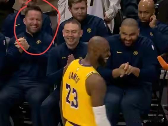 还有一个老熟人! 今天对阵掘金,詹姆斯与杜德利的互动引发热议。其实除了杜德利外,掘金队替补席还有一个熟悉的面孔,那就是当年小牛队的巴里亚,目前也在掘金队助理教练组工作,与詹姆斯也算是老对手了。当詹姆斯与杜德利“友好”互动时,旁边的阿德尔曼和巴里亚也被逗得哈哈大笑,这一幕别有一番记忆的风味。
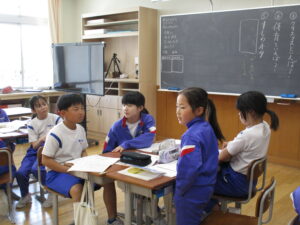 3年生の国語科の時間は、「力を合わせて、ばらばらに」という学習でした。テーマから思い浮かべたものの特徴を聞いて予想し、全員が別のものをあげて、ばらばらの回答になればよいという学習です。「緑色の野菜」「クリスマスと言えば […]
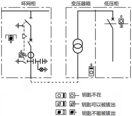 如圖7所示,環(huán)網(wǎng)柜內(nèi)部,阻隔/接地開關(guān)與電纜室門之間的鑰匙聯(lián)鎖,電纜室蓋板翻開后,鑰匙被鎖定,不能拔出插入到阻隔開關(guān)鎖,即不能操作接地開關(guān);只要蓋板合上,鑰匙才干拔出,去操作接地開關(guān)分閘。而體系角度,只要接地開關(guān)合閘,鑰匙才干被取出,去開變壓器箱的門,完結(jié)變壓器檢修,一起低壓斷路器不能合閘。
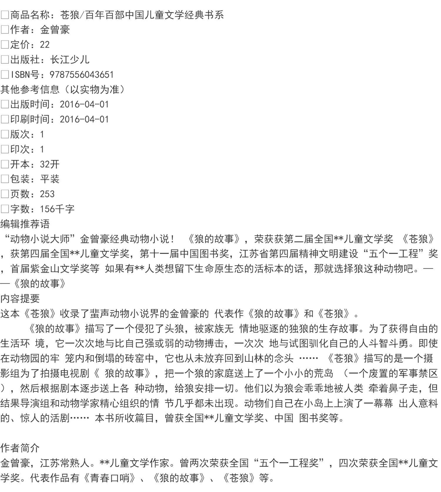 苍狼 初中7年级正版现货速发|名师推荐|小学生课外阅读七年级
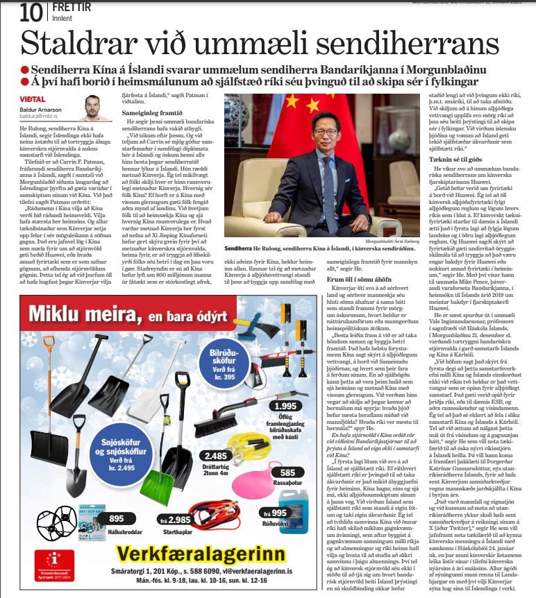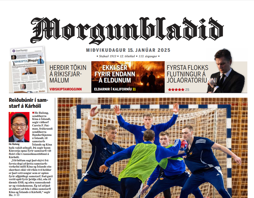 2025年1月15日,冰岛《晨报》(Morgunblaðið)报纸和网站在头版头条刊登对何儒龙大使专访,驳斥有关涉华负面言论,宣介我构建人类命运共同体理念。
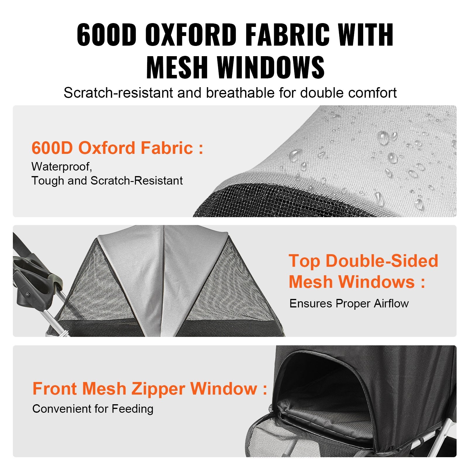Tragkraft: Dieser Haustier-Buggy verfügt über einen robusten Aluminiumrahmen und eine rostbeständige Pulverbeschichtung für Langlebigkeit. Ob gemütlicher Spaziergang im Park oder lange Reise – er bietet Ihrem Haustier Komfort und Sicherheit.
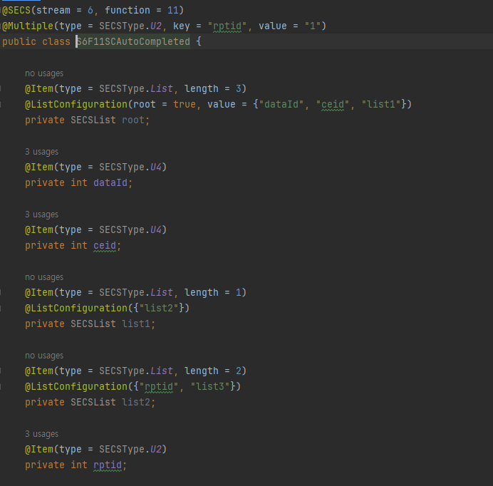 예를 들어 다음과 같은 인터페이스일 경우 반도체 장비와의 데이터 통신은 소켓 통신을 이용한 byte 전송을 하며 byte는 설계된 인터페이스를 SECS 프로토콜을 이용해 byte array로 변환하여 송수신 합니다.
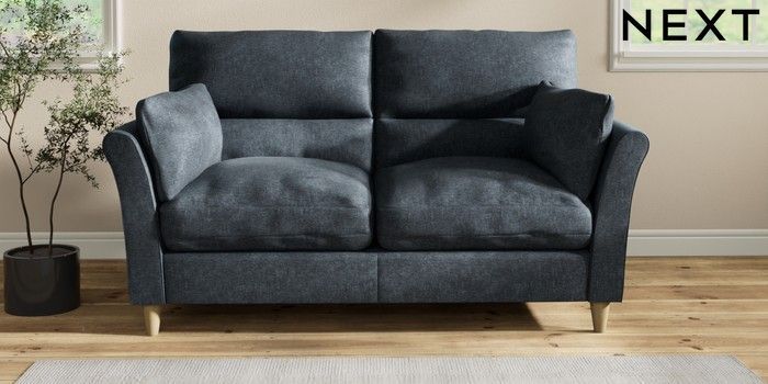 7.2.10 Buy Hartley Highback Relaxed Sit 3 Seater Small Sofa Plush Chenille Slate Blue Low Conical - Light from the Seasons online shop Click here to use our website with more accessibility support, for example screen readers
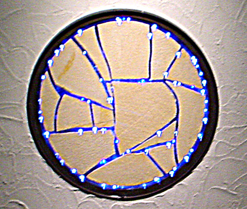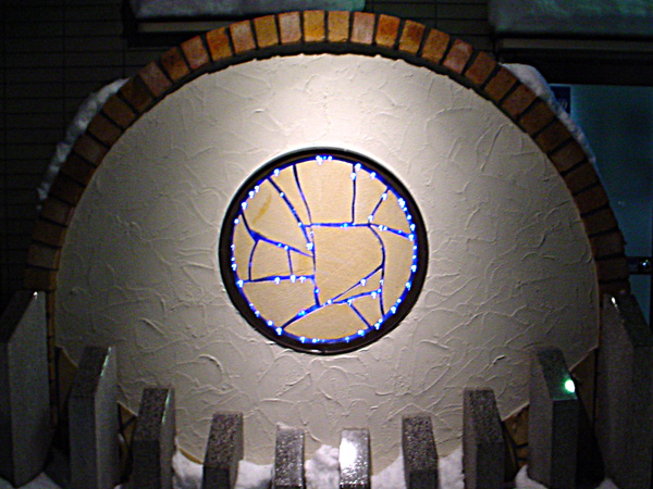 そこで考え出したのは、自宅展示用に考えていた、割り石の目地を光らせるアイデア・・・。更にレンガと石柱を使いまつ毛を表現させて頂きました。
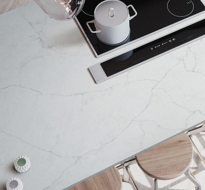 Calacatta Monaco Quartz is an elegant marble-look Calacatta quartz that features a warm white background accented by large, thin gray veining for added interest and allure. The versatile marble-like design with a polished finish will elevate an ultra-modern design or be the highlight in a traditional interior. In addition to countertops, it can also be installed for flooring and wall applications in residential and commercial spaces. The low-maintenance engineered material is nonporous and stain-resistant, so it can stand up to busy households and high traffic areas.
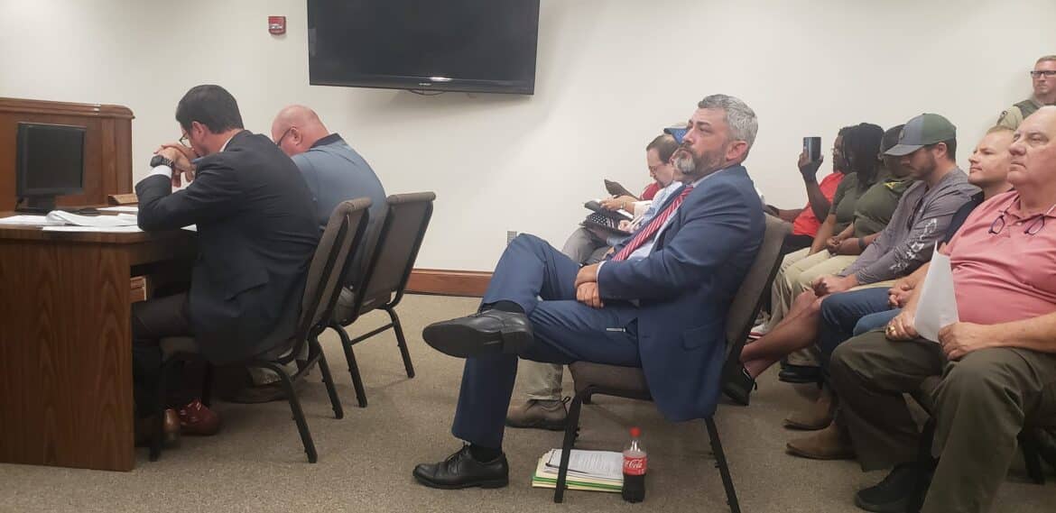 Richardson, Harrell, and many members of the packed room were visibly angry, some making audible comments. Sheriff Harrell walked out of the room, but his attorney remained.
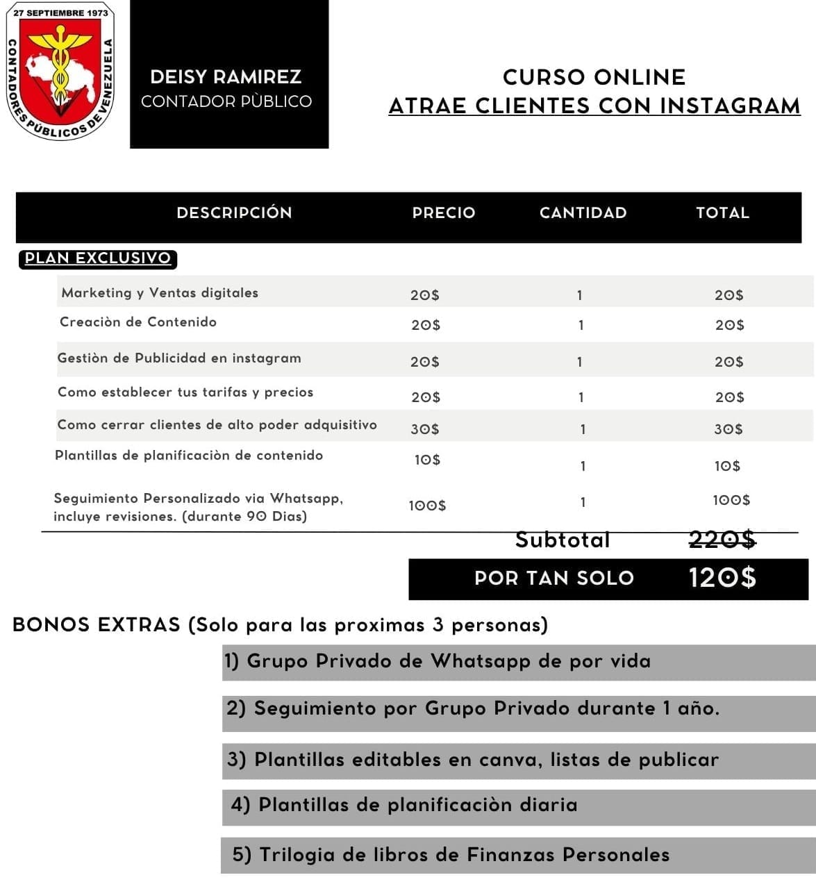 Te garantizo que amarás este Curso donde obtendrás todo lo que necesitas para ATRAER CLIENTES POR INSTAGRAM y convertirte en eso que estas destinado a ser, LIBRE con tu profesiòn.
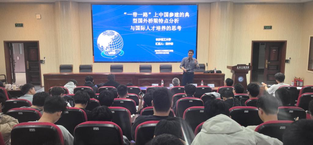 讲座中,田教授列举了“一带一路”沿线国家中我国主导或参与建设的典型桥梁工程,系统展示了各座桥梁的技术特点,阐述了我国企业在建设这些桥梁过程中取得的工程成就,描绘了桥梁建成后对所在国经济政治文化的影响。这些桥梁建设工程不仅凸显了中国桥梁技术的国际领先地位,还展示了“中国方案”在全球基础设施建设中的不可替代性。田教授并根据自己参与国际桥梁建设的深入思考和丰富经验,提出了“一带一路”基础设施建设对国际化工程人才的要求:拥有语言与跨文化沟通能力,掌握全球化工程标准,具备技术创新与数字化能力,了解不同国家的法律与法规,具有可持续发展及环保意识以及国际化视野与思维,鼓励学生们积极发展这些能力。

○ ○ ○ ○

## TASK
Repeat the data exactly as written, but without the pictures.

## ANSWER SECTION
 还有一个老熟人! 今天对阵掘金,詹姆斯与杜德利的互动引发热议。其实除了杜德利外,掘金队替补席还有一个熟悉的面孔,那就是当年小牛队的巴里亚,目前也在掘金队助理教练组工作,与詹姆斯也算是老对手了。当詹姆斯与杜德利“友好”互动时,旁边的阿德尔曼和巴里亚也被逗得哈哈大笑,这一幕别有一番记忆的风味。
 3年生の国語科の時間は、「力を合わせて、ばらばらに」という学習でした。テーマから思い浮かべたものの特徴を聞いて予想し、全員が別のものをあげて、ばらばらの回答になればよいという学習です。「緑色の野菜」「クリスマスと言えば […]
 如圖7所示,環(huán)網(wǎng)柜內(nèi)部,阻隔/接地開關(guān)與電纜室門之間的鑰匙聯(lián)鎖,電纜室蓋板翻開后,鑰匙被鎖定,不能拔出插入到阻隔開關(guān)鎖,即不能操作接地開關(guān);只要蓋板合上,鑰匙才干拔出,去操作接地開關(guān)分閘。而體系角度,只要接地開關(guān)合閘,鑰匙才干被取出,去開變壓器箱的門,完結(jié)變壓器檢修,一起低壓斷路器不能合閘。
 苍狼 初中7年级正版现货速发|名师推荐|小学生课外阅读七年级
 2025年1月15日,冰岛《晨报》(Morgunblaðið)报纸和网站在头版头条刊登对何儒龙大使专访,驳斥有关涉华负面言论,宣介我构建人类命运共同体理念。
Tragkraft: Dieser Haustier-Buggy verfügt über einen robusten Aluminiumrahmen und eine rostbeständige Pulverbeschichtung für Langlebigkeit. Ob gemütlicher Spaziergang im Park oder lange Reise – er bietet Ihrem Haustier Komfort und Sicherheit.
 예를 들어 다음과 같은 인터페이스일 경우 반도체 장비와의 데이터 통신은 소켓 통신을 이용한 byte 전송을 하며 byte는 설계된 인터페이스를 SECS 프로토콜을 이용해 byte array로 변환하여 송수신 합니다.
 7.2.10 Buy Hartley Highback Relaxed Sit 3 Seater Small Sofa Plush Chenille Slate Blue Low Conical - Light from the Seasons online shop Click here to use our website with more accessibility support, for example screen readers
 そこで考え出したのは、自宅展示用に考えていた、割り石の目地を光らせるアイデア・・・。更にレンガと石柱を使いまつ毛を表現させて頂きました。
 Calacatta Monaco Quartz is an elegant marble-look Calacatta quartz that features a warm white background accented by large, thin gray veining for added interest and allure. The versatile marble-like design with a polished finish will elevate an ultra-modern design or be the highlight in a traditional interior. In addition to countertops, it can also be installed for flooring and wall applications in residential and commercial spaces. The low-maintenance engineered material is nonporous and stain-resistant, so it can stand up to busy households and high traffic areas.
 Richardson, Harrell, and many members of the packed room were visibly angry, some making audible comments. Sheriff Harrell walked out of the room, but his attorney remained.
 Te garantizo que amarás este Curso donde obtendrás todo lo que necesitas para ATRAER CLIENTES POR INSTAGRAM y convertirte en eso que estas destinado a ser, LIBRE con tu profesiòn.
 讲座中,田教授列举了“一带一路”沿线国家中我国主导或参与建设的典型桥梁工程,系统展示了各座桥梁的技术特点,阐述了我国企业在建设这些桥梁过程中取得的工程成就,描绘了桥梁建成后对所在国经济政治文化的影响。这些桥梁建设工程不仅凸显了中国桥梁技术的国际领先地位,还展示了“中国方案”在全球基础设施建设中的不可替代性。田教授并根据自己参与国际桥梁建设的深入思考和丰富经验,提出了“一带一路”基础设施建设对国际化工程人才的要求:拥有语言与跨文化沟通能力,掌握全球化工程标准,具备技术创新与数字化能力,了解不同国家的法律与法规,具有可持续发展及环保意识以及国际化视野与思维,鼓励学生们积极发展这些能力。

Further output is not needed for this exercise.